I did the same for an hour or so. What made it fun was while he was doing everything he could to get me to run their .exe file, he didn't clue in that I was running a Mac (and, of course, I didn't tell him: I just expressed polite confusion why his instructions weren't working).


Haha. Got a call like this at work one day and did the same thing for a few minutes ("Hmmm, 'Start Menu'? I'm having trouble finding it..."). Before it was all over, all my coworkers in the area had turned their chairs and were just watching and listening. A collective "WTF?" was let out when I got off the phone.


I get these calls at least once a month and sometimes as frequently as once a week (I'm in Perth Australia and they call from India). I always tell them I need to change phones to be next to my PC then I place my phone next to my speakers which are normally blasting out music and just leave it there. They are never on the end when I pick it up again but they do keep calling.


As much as I'd like to congratulate your volunteerism: you know that your time is valuable and his employer is probably paying him $1/hr to call you?


Only your work time is valuable. Fucking with scammers is liesure time. It's like working in your garden.


Is a form of entertainment. Nothing wrong with that.


Well I suspect they get a commission which makes them so patient with the ones they have a possibility of extracting money from.


He really gave you his number ?


Yep. I really had the guy going. I spent a lot of time with him, at first feigning suspicion about who they were, then finally muddling around with the computer coming up with every possible way to make things difficult, but always remaining polite and thanking him repeatedly for "getting me out of a bind" and other silly sounding colloquialisms. I started pressing the info button on my phone so it would beep, and he gave me a number with a 918 area code. I looked it up and it's an Oklahoma number. That doesn't mean much though. The numbers could be issued by a SIP provider that terminates pretty much anywhere in the world.



Nice, and probably you make them lose money for the phone calls, which makes their activity less profitable.


While it's fun to do this, sometimes I think of the flipside. This scammer is probably trying to make a living and support his family. The company's owner though, is probably not in the need to do these unethical things. He/she should be screwed over.

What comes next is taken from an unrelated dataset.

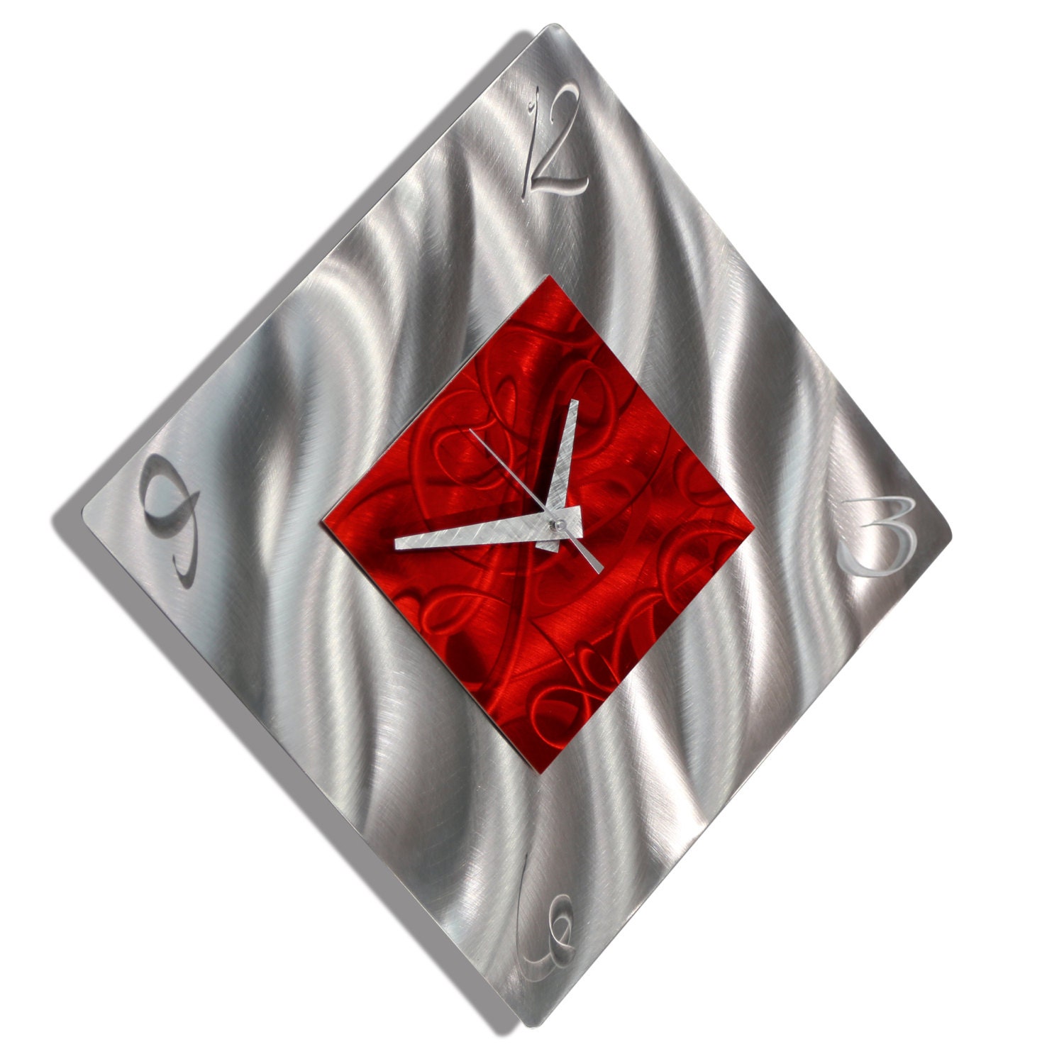 Red & Silver Metal Wall Clock - Abstract Functional Art - Moder...

I'm not advocating for his actions, just offering another point of view. Is it always correct to assume that the guy who xut you off in traffic is just an asshole, or does he really really need to be somewhere right now (eg. a hospital)?


What else would you suggest? Sure, the guy making the call is probably desperate, but by wasting his time, you are keeping him from calling gullible people. Even if the guy making the call never costs the owner because the caller gets paid on numbers gleaned, it still ties up the owner's phone lines and costs him rent.


Do you give money to scammers, then? After all, they're probably just trying to make a living....


No, bu why actively screw with the file and rank employee? Assuming he just gets a salary, cool, waste all his time (which costs the scamming company). But if he works on commission then why bother?

I would put my efforts in bringing down the company itself. (In fact I am actively fighting a company that tried to scam me. But their low-level employees? I prefer to give them the benefit of the doubt).


Because he is actively harming people, most of whom are honest, and by screwing with him you are reducing the amount of harm he is able to do.


ok. I think it's more worthwhile to spend that time trying to bring the company down, not wasting 1 guy's time, out of hundreds or perhaps thousands.


That's entirely fair (and I think you're right, if your goal is to mitigate their harm as much as possible), but you were previously arguing that it was actually bad to screw with these people, not just a sub-optimal use of time.


If everybody tied these people up uselessly, then their business model would become untenable and they'd have to think of some other scam.


Maybe wasting his time will get him fired, and he can go get a real job instead. It's not like he wouldn't know he was working in a scam operation.